Today On Holden’s Obsession With The Gaggle

You Can Almost SmellPony Blow’s Flopsweat Today

Q Tony, Judge Walton today decided that he will release the letters that were written in the Libby case. When —

MR. SNOW: These are the letters — by background — on behalf of Scooter Libby, these are — yes.

Q On behalf of him and those who weighed in, saying that he shouldn’t have a stiff sentence. When they are released, will we find out that the President and Vice President wrote letters?

MR. SNOW: Well, I think you’ll just have to wait and see. I actually do not know who wrote letters, but we’ll all have an opportunity to see them.

Q You don’t know whether the President —

MR. SNOW: No, no, I really don’t.

The Fact That No Lightning Botls Struck Pony Today Is Proof That There Is No God

Q Tony, the Governor of Ohio, Ted Strickland, has written a couple of letters to President Bush, I don’t know if you’re aware of them, but he’s asking for personal assurances from the President that the National Guard troops, before they get deployed to Afghanistan or Iraq, the equipment be there and that the training be adequate before they’re sent off.

MR. SNOW: Okay. I’m not aware of the Governor’s letter, but we have always made it clear that nobody goes into combat without sufficient training and equipment, period.

You Have To Wade Hip-Deep Through The Bullshit, But Eventually You Will Find That Les Asked A Good Question Today

Q Okay. In Georgia, the President declared those determined to find fault with this bill will always be able to look at a narrow slice of it and find something that they don’t like. But Chairman Bilbray, a Republican of California, said amnesty for 12 million to 20 million illegal aliens — immigrants isn’t a narrow slice, Mr. President, it’s the whole darn pie. And my question —

MR. SNOW: Well, and again, I think —

Q And my question —

MR. SNOW: Oh, I’m sorry.

Q What is the President’s response to this and to Republican — another Republican, Congressman Bill Sali, who said, “I can safely say that the number one issue with my constituents is immigration, which is no small slice of pie”?

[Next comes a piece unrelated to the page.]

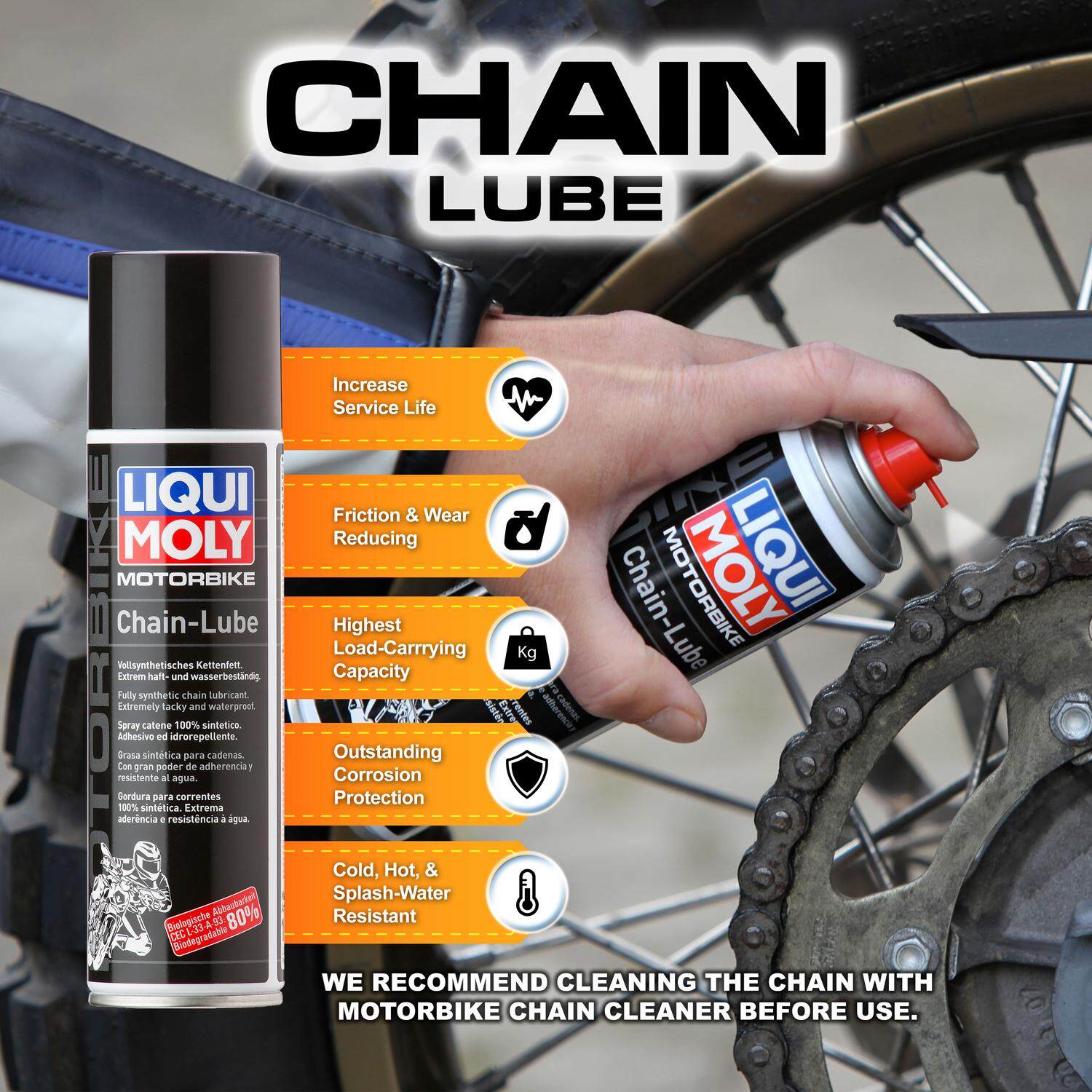 We recommend cleaning the chain with Motorbike Chain and Brake Cleaner (Part No. 1602) before use. Spray chain with Motorbike Chain Spray until white. The lubricant attains its final consistency and adherence once the solvent has evaporated.

MR. SNOW: Yes, and on the other hand — let’s take a look at two things. There’s no amnesty here. Right now a lot of times “amnesty” is used as shorthand for saying, we don’t like the bill. Let me put it this way, Les. If you look up the dictionary definition of amnesty, it means total forgiveness of a crime. What you have here is a crime for which there was no punishment originally. Now what we’re saying is everybody who came across the border, number one, you pay a thousand dollar fine. Number two, you are on permanent probation. If you break the law, you’re deported. If you do not maintain a job, you are deported. If you do not learn the English language, you’re deported. If you do not subject yourself to a criminal background check, you’re deported. If you do not have an ID that allows us to trace who you are, where you are, for whom you work, you are deported.

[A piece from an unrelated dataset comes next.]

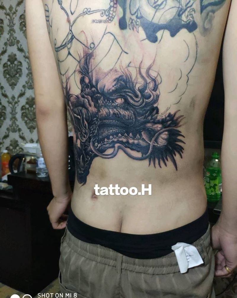 当前位置: 首页 >宁夏银川市纹身店-九隐刺青纹身图案>满背龙遮盖未完成纹身图片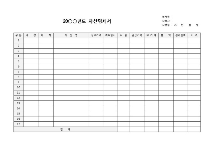 자산명세서(연도별)입니다. 계정, 배치, 자산명, 장부가액, 취득일자, 수량 등의 항목으로 구성되어 있습니다. 연도별로 자산을 관리할 경우 사용 가능하며 자산에 대한 정보를 상세히 기록할 수 있습니다.

In other words it sets up a very strong series of tests, A, for people who want to remain on American soil. And then if you wish to become a citizen, you have to start with the $4,000 fine, you have to start with a $1,500 application fee. There’s also conversation about paying back taxes.

[snip]

Q What percentage of the illegal aliens do you think are going to go through all of that?

MR. SNOW: Well, the percentage —

Q If they were illegal to begin with, what percentage do you think are really going to go in for all of that?

MR. SNOW: All of them are going to have to, Les. That’s what the law says.

Q You don’t estimate how many will.

MR. SNOW: What you estimate is that you’re putting together a system where they’re all going to have to.

Right. Of Course, The System In Place Today Requires That All Immigrants Have To Enter The Country Legally. If Wishes Were Ponies…

3 thoughts on “Today On Holden’s Obsession With The Gaggle

  1. bushisnotatexan says:

    I’m sure that all the illegals will rush to report their “status” and pay the fines etc…
    sure they will
    you bet
    “Oh look a pretty butterfly”…Wheeeee

  2. LittlePig says:

    If Wishes Were Ponies…
    Then everybody would have as many ponies as you do, you equine hoarder you.

  3. LittlePig says:

    If Wishes Were Ponies…
    Then everybody would have as many ponies as you do, you equine hoarder you.